Search code examples
rnetcdfrcurl

Download files with specific extension from a website


How can I download the content of a webpage and find all files with specific extension listed on it. And then download all of them. For example, I would like to download all netcdf files (with extension *.nc4) from the following webpage: https://data.giss.nasa.gov/impacts/agmipcf/agmerra/.

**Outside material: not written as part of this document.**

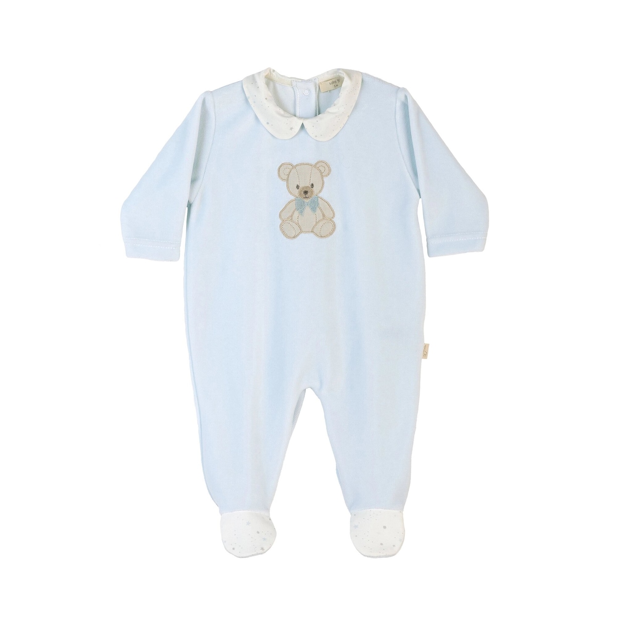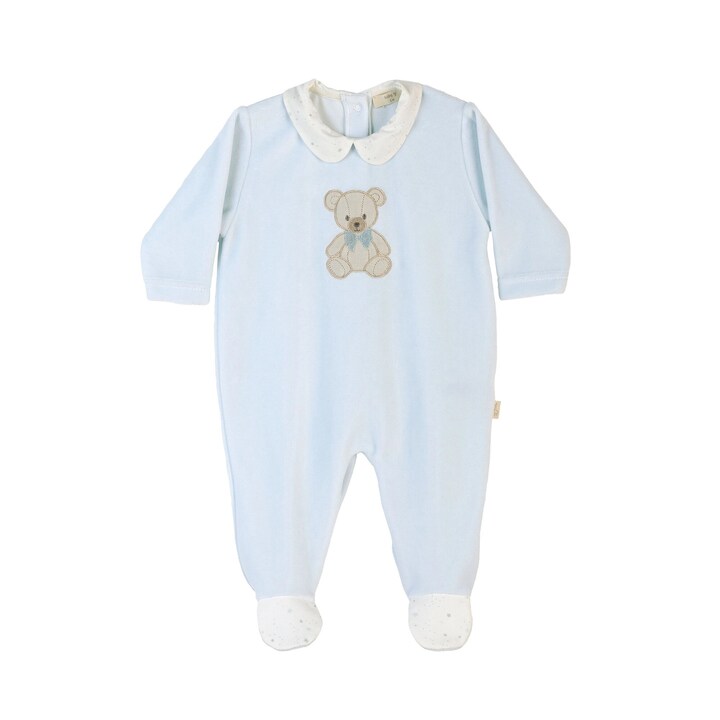 Babygrow em veludo com gola redonda e urso bordado. Fabricado em Portugal.

I was recommended to look into Rcurl package but could not find how to do this.


Solution

  • library(stringr)
    
    # Get the context of the page
    thepage = readLines('https://data.giss.nasa.gov/impacts/agmipcf/agmerra/')
    
    # Find the lines that contain the names for netcdf files
    nc4.lines <- grep('*.nc4', thepage) 
    
    # Subset the original dataset leaving only those lines
    thepage <- thepage[nc4.lines]
    
    #extract the file names
    str.loc <- str_locate(thepage,'A.*nc4?"')
    
    #substring
    file.list <- substring(thepage,str.loc[,1], str.loc[,2]-1)
    
    # download all files
    for ( ifile in file.list){
     download.file(paste0("https://data.giss.nasa.gov/impacts/agmipcf/agmerra/",
                          ifile),
                   destfile=ifile, method="libcurl")